Exercise prompt: In the entries that follow, repeat exactly the lines from the one that has "انگشتر مردانه نقره همراه با سنگ عقیق مشکی" through the one that has "Llevamos una temporada", but omit pictures.

Exercise data:
────────

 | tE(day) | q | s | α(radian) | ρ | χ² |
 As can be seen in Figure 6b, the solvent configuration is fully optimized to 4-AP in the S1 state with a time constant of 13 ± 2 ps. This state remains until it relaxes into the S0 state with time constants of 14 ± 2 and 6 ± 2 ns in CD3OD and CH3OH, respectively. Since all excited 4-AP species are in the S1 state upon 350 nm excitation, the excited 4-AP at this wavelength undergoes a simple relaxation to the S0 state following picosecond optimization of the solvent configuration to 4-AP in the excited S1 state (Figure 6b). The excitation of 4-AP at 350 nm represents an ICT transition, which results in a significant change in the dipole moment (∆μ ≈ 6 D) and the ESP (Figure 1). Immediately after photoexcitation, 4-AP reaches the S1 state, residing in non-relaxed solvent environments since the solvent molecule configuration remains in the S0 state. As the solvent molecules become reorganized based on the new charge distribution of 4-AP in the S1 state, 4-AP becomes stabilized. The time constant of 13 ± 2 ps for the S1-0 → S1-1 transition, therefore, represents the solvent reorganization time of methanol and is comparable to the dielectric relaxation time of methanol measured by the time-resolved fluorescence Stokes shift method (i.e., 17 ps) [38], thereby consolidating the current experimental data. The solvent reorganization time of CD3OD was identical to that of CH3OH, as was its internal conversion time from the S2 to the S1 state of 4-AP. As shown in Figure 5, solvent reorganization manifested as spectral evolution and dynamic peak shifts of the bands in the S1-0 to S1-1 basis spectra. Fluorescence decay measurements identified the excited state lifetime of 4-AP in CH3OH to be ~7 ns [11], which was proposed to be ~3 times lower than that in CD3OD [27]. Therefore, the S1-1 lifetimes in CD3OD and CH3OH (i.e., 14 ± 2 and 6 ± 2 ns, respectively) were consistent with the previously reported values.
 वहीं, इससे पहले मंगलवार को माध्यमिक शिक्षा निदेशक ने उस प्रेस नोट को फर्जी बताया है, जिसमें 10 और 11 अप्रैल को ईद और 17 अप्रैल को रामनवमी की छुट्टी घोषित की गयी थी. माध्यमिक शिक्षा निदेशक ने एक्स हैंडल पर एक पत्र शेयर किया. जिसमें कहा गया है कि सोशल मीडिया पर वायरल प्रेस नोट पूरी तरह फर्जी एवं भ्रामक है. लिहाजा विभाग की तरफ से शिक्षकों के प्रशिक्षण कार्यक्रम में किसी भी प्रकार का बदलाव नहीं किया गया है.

────────

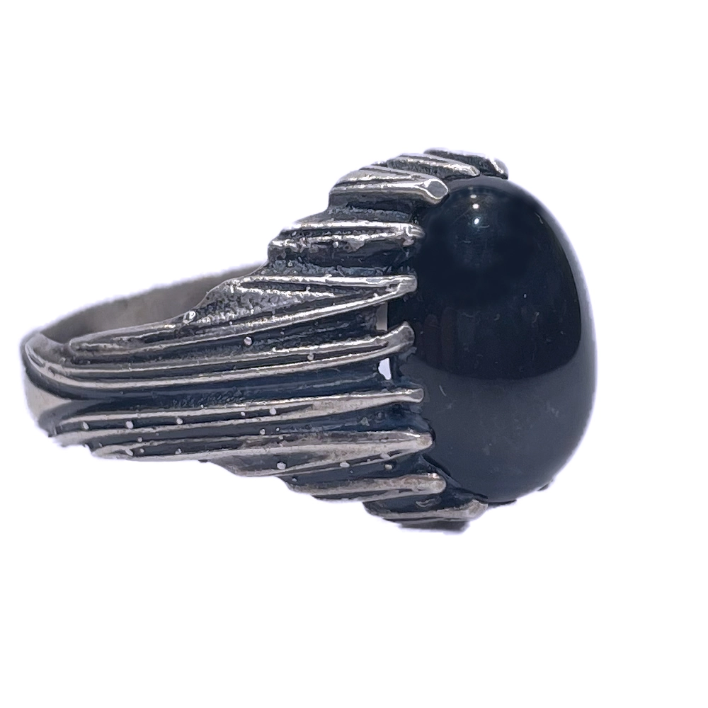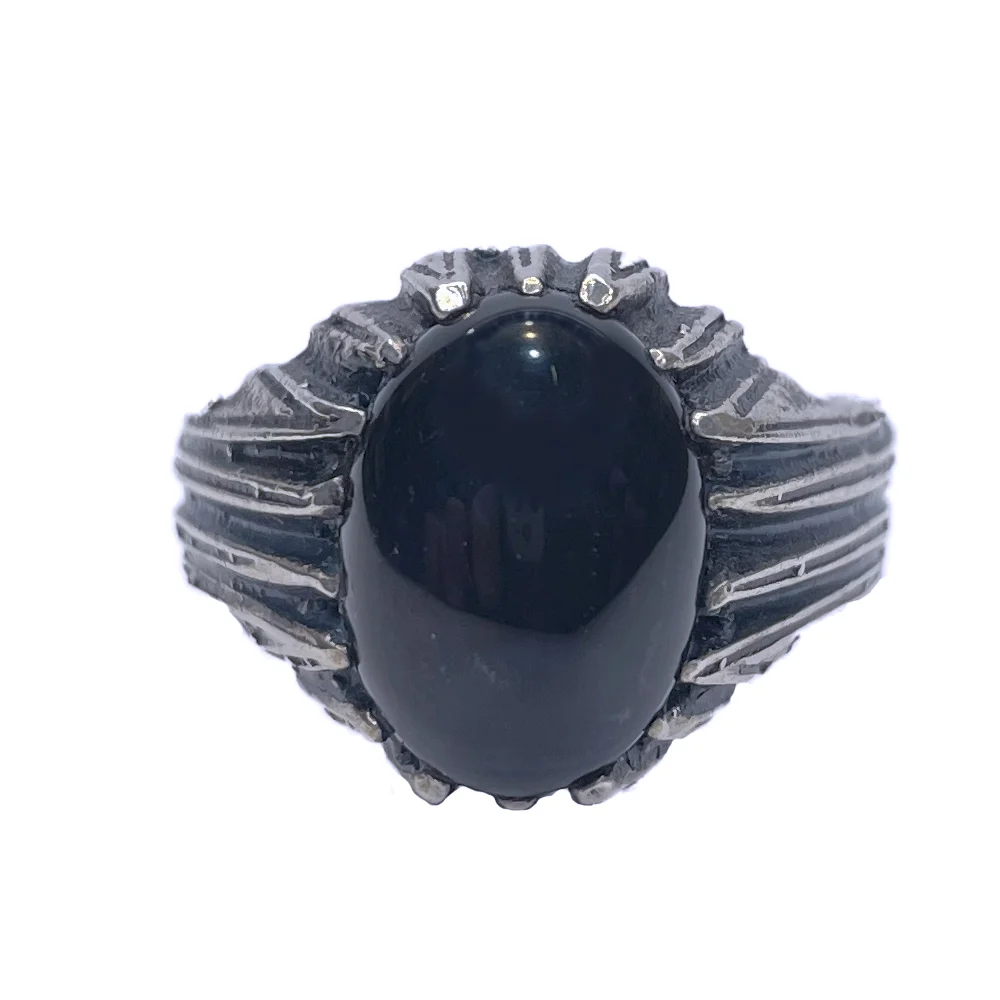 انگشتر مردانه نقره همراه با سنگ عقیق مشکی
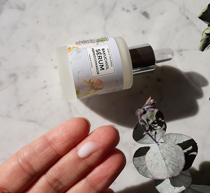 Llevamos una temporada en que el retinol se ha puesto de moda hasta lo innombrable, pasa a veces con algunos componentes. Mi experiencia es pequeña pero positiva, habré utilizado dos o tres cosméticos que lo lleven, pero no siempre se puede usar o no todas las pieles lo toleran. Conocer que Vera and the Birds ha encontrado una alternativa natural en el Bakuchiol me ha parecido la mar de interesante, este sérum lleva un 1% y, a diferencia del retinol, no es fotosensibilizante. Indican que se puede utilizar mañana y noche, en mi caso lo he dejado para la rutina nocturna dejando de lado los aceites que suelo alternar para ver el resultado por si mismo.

────────

Response:
 انگشتر مردانه نقره همراه با سنگ عقیق مشکی
 Llevamos una temporada en que el retinol se ha puesto de moda hasta lo innombrable, pasa a veces con algunos componentes. Mi experiencia es pequeña pero positiva, habré utilizado dos o tres cosméticos que lo lleven, pero no siempre se puede usar o no todas las pieles lo toleran. Conocer que Vera and the Birds ha encontrado una alternativa natural en el Bakuchiol me ha parecido la mar de interesante, este sérum lleva un 1% y, a diferencia del retinol, no es fotosensibilizante. Indican que se puede utilizar mañana y noche, en mi caso lo he dejado para la rutina nocturna dejando de lado los aceites que suelo alternar para ver el resultado por si mismo.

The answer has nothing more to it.